A while ago I found a curious performance regression in a very simple change to the sparse mat-vec product. Today I tried the same on Julia 0.7 and the results were exactly the opposite*:

```
> bench() # Julia 0.6.2
(Trial(634.698 μs), Trial(1.479 ms))
> bench() # Julia 0.7 latest nightly
(Trial(1.290 ms), Trial(683.206 μs))
```

The benchmark is as follows:

```
using BenchmarkTools
import Base: start, next, done
struct HalfOpenRange{T}
lo::T
hi::T
end
start(r::HalfOpenRange) = r.lo
done(r::HalfOpenRange, s) = s == r.hi
next(r::HalfOpenRange{T}, s) where {T} = (s, s + T(1))
function new_mul!(y::AbstractVector{Tv}, A::SparseMatrixCSC{Tv,Ti}, x::AbstractVector{Tv}) where {Tv,Ti}
@inbounds for i = 1 : A.n
xval = x[i]
for j = HalfOpenRange(A.colptr[i], A.colptr[i+1])
y[A.rowval[j]] += A.nzval[j] * xval
end
end
y
end
function curr_mul!(y::AbstractVector{Tv}, A::SparseMatrixCSC{Tv,Ti}, x::AbstractVector{Tv}) where {Tv,Ti}
@inbounds for i = 1 : A.n
xval = x[i]
for j = A.colptr[i] : A.colptr[i+1] - 1
y[A.rowval[j]] += A.nzval[j] * xval
end
end
y
end
function bench(n = 100_000)
A = spdiagm((fill(-1.0, n - 1), fill(2.0, n), fill(-1.2, n - 1)), (-1, 0, 1))
x = rand(n)
bench_new = @benchmark new_mul!(y, $A, $x) setup = (y = zeros($x))
bench_curr = @benchmark curr_mul!(y, $A, $x) setup = (y = zeros($x))
bench_new, bench_curr
end
```

Now the weird thing is that if I diff the result of `@code_native`

on Julia 0.7, it seems like the slower variant has only a subset of the assembly operations of the faster variant.
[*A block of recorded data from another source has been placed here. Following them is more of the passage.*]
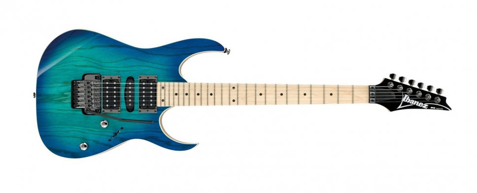 La RG370AHMZ sfrutta il contrasto fra la tinta Blue Moon Burst della cassa in frassino e l’acero del manico, con hardware nero e pickup Quantum, gli stessi della RG421M che ha cassa in mogano e ponte fisso.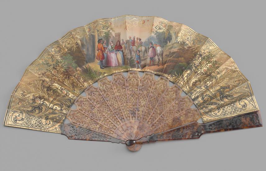 Folding fan of hand-painted stipple-engraved leaf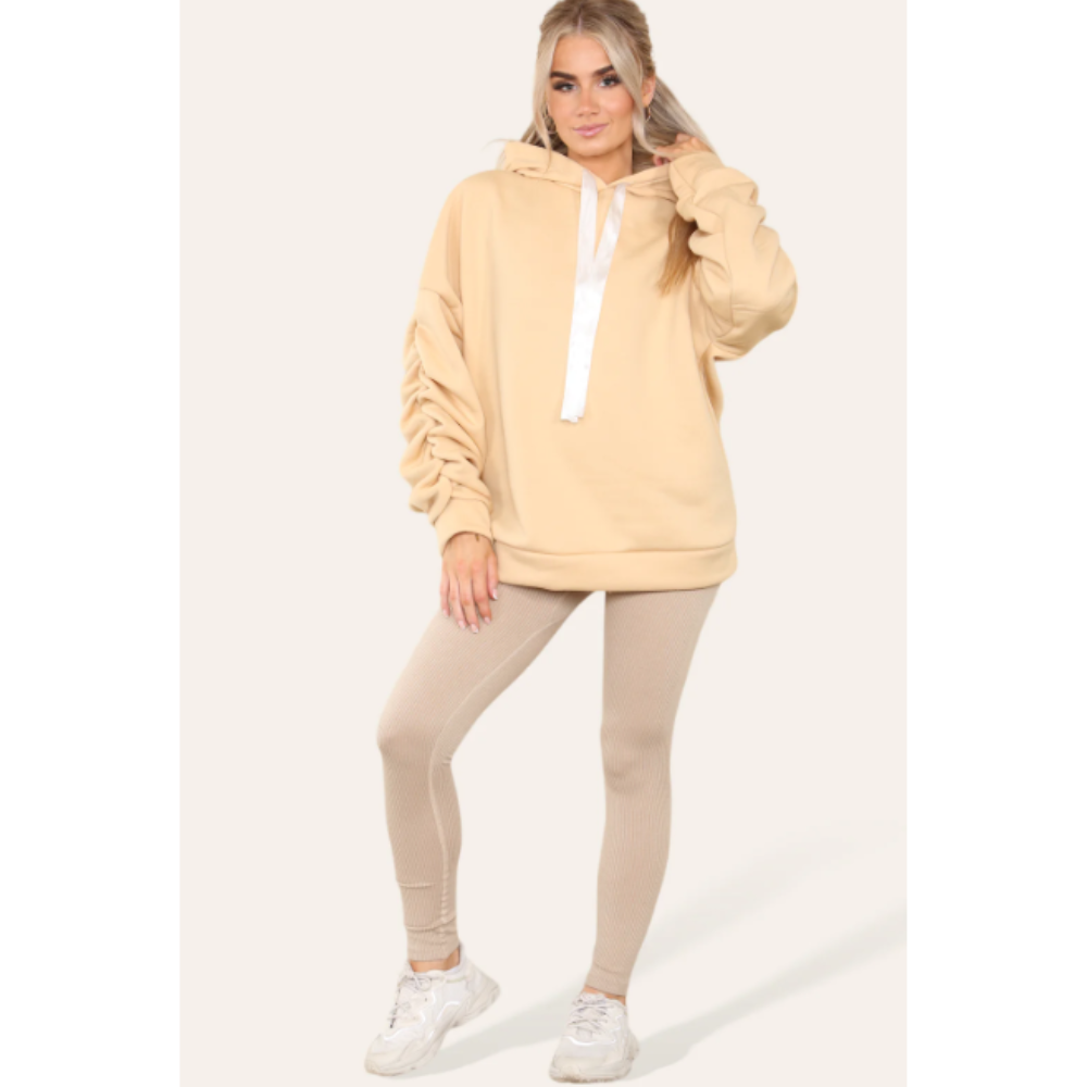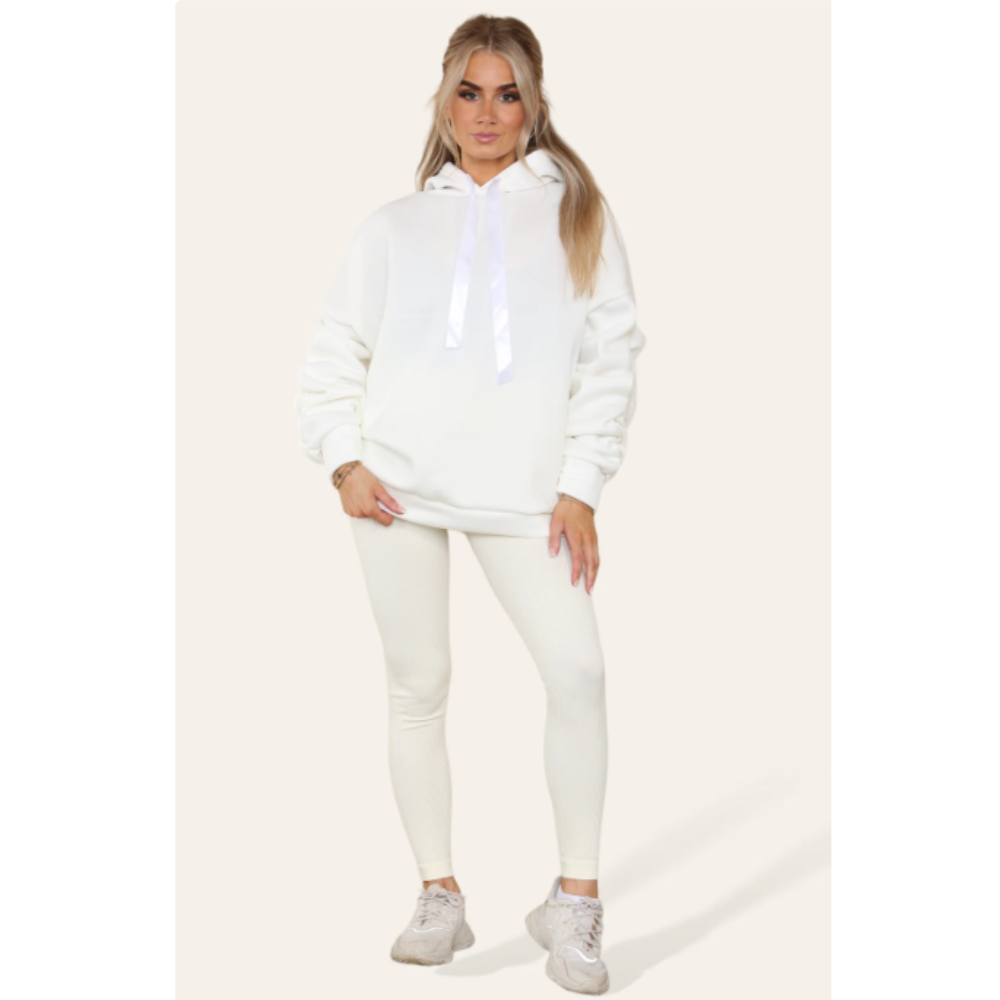 Say hi to your new Winter fave comfy set. Featuring oversized ruched hoodie, matched with a flexible fitting legging, this set is a stylish and comfortable solution for your layering needs. Crafted with a blend of cotton and polyester, this hoody is lightweight and soft. The oversized design and drawstring cuffs make it a perfect fit for any size, and the ruched hood gives it a unique aesthetic.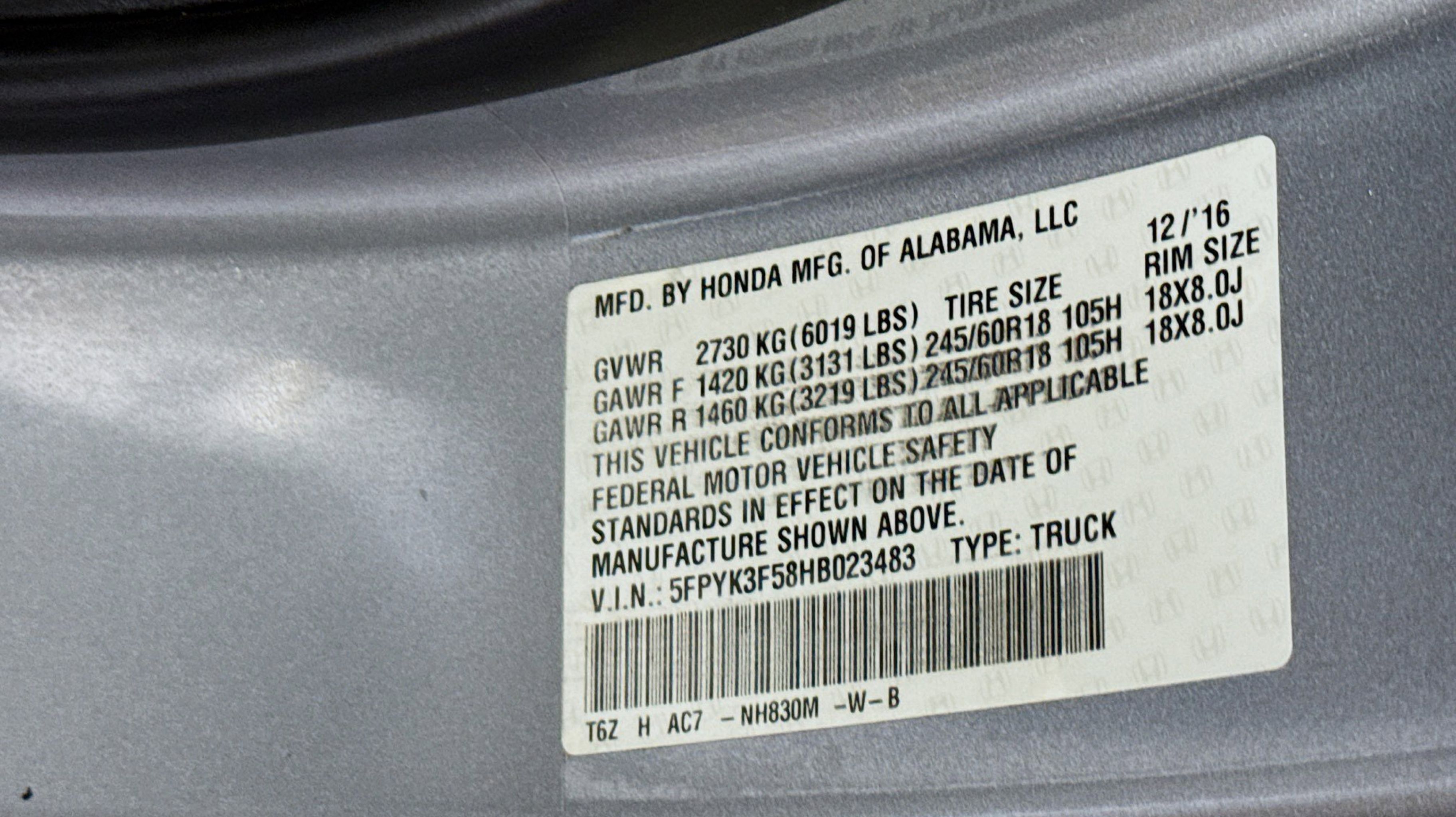 * JD Power Automotive Performance, Execution and Layout (APEAL) Study * 2017 IIHS Top Safety Pick+ (When equipped with Honda Sensing and specific headlights) * 2017 KBB.com 10 Favorite New-for-2017 Cars * 2017 KBB.com Best Resale Value Awards * NACTOY 2017 North American Truck of the Year * 2017 KBB.com 10 Most Awarded Brands * 2017 KBB.com Brand Image Awards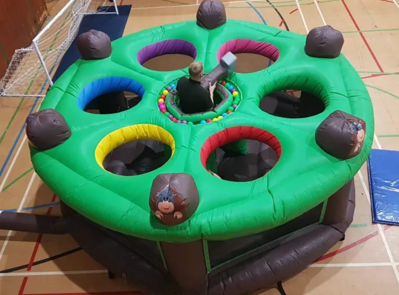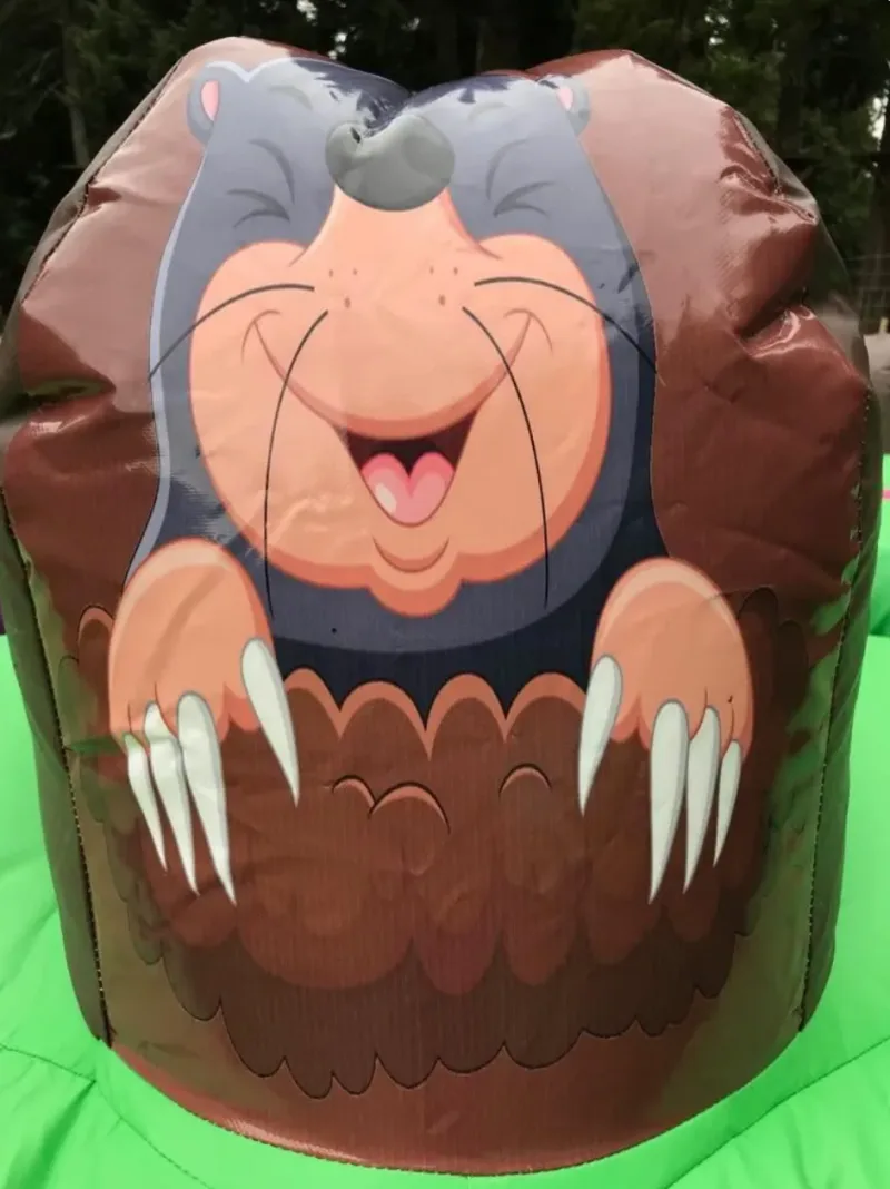 The aim of the game is clear the moles need to collect as many of the gardener/bashers balls as possible, but look out moles every time you poke your head out of your mole hole , the basher will be waiting to whack a mole with the inflatable mole basher. It's Absolutely hilarious fun for contestants and spectators alike I must have inflatable game for any party or event in the Weymouth, Dorchester, Bournemouth, Blandford, Salisbury, Exeter, Dorset Devon, Wiltshire, Hampshire and the south-west of England.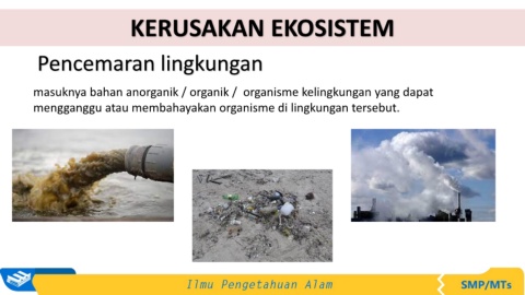 KERUSAKAN EKOSISTEM Pencemaran lingkungan masuknya bahan anorganik / organik / organisme kelingkungan yang dapat mengganggu atau membahayakan organisme di lingkungan tersebut.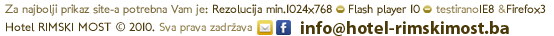 Hotel "RIMSKI MOST" je moderan, novoizgrađeni objekat na obali kirstalno čiste rijeke Bosne. Prostire se na površini od 12.500m2. U najljepšem prirodnom ambijentu, uz tihi šum vode i riječnu obalu, hotel predstavlja atraktivno i romantično mjesto. Za sve koji žele uživati u ljepotama netaknute prirode i doživjeti istinski gurmanski ugođaj. Blizina aerodroma, glavnog saobraćajnog terminala, značajnih kulturnoistorijskih spoenika, privrenih centara kai iobrazovnih istitiucija lokaciju Hotel "RIMSKI MOST" čini idealnom za sve vrste i tipove smještaja, odmora i poslovnih aktivnosti. Kapaciteti, sadržaji i infrastruktura hotela besprjekorna organizacija, bogata ponuda i kvalitetna usluga garantuju uspješnu realizaciju svih manifestacija i vidova smještaja. Jednostavno hotel u centru i žiži zbivanja, s potrebnom dozom intime, tople domaće atmosfere i optimalnih uslova za boravak.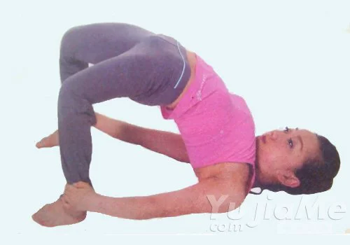 2、抬臀拱背,雙腳平放地上,雙手握住兩踝,切勿移動雙手或雙肩的位置。身體由雙腳,頸,雙肩和雙臂支持。動作保持住,用臀部肌肉收緊的力量保持身體的位置。呼吸自然穩定。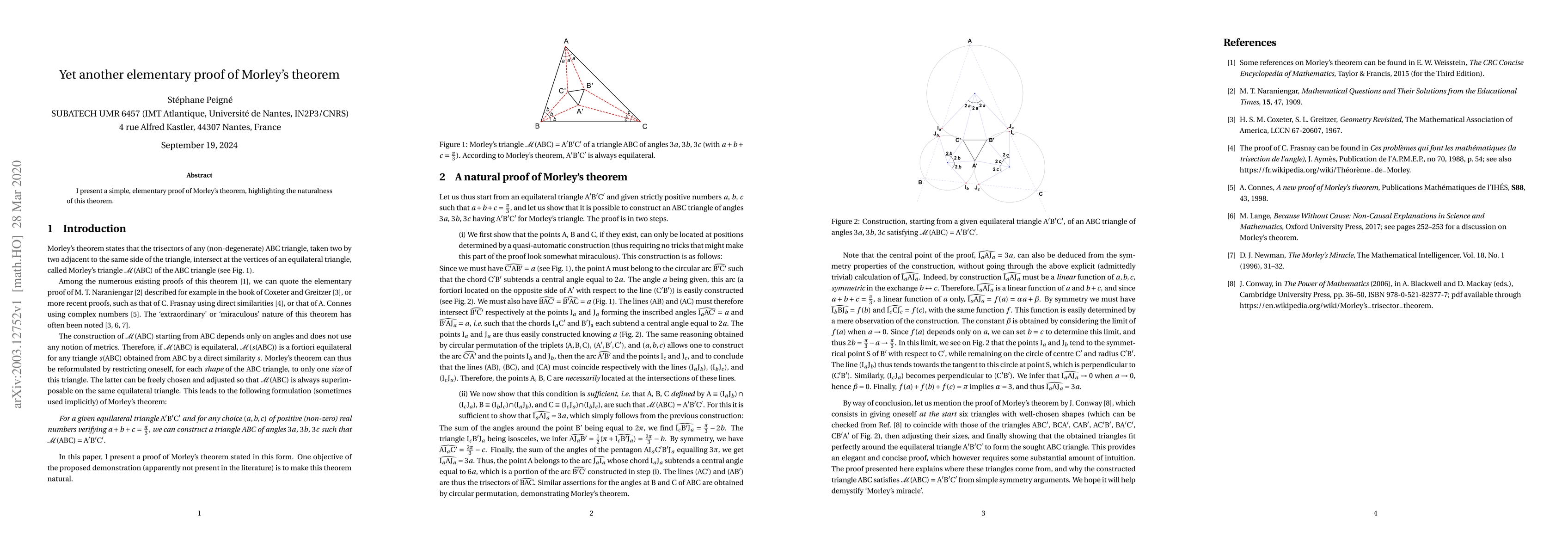 This work differs from existing research on Morley's theorem by providing a concise and accessible proof, highlighting the theorem's naturalness and making it more understandable to a wider audience.

Below is the only significant diff:

```
@@ -16,14 +16,9 @@
nopw %cs:(%rax,%rax)
L64:
movq -8(%r11,%r15,8), %rbx
- movq (%r11,%r15,8), %rcx
- addq $-1, %rcx
- leaq -1(%rbx), %rdx
- cmpq %rcx, %rbx
- cmovleq %rcx, %rdx
- addq $1, %rdx
+ movq (%r11,%r15,8), %rdx
cmpq %rdx, %rbx
- je L177
+ je L161
vmovsd -8(%r8,%r15,8), %xmm0 ## xmm0 = mem[0],zero
movq 24(%r10), %rcx
movq 32(%r10), %rdi
```

This is the part where `A.colptr[i]`

and `A.colptr[i+1]`

are being dereferenced. The fast version (in red) performs the `-1`

, while the slow version (in green) doesn’t need to do it and has fewer instructions.

So where could the regression come from? I’m puzzled.

*Benchmark was run on a three years old Macbook Air.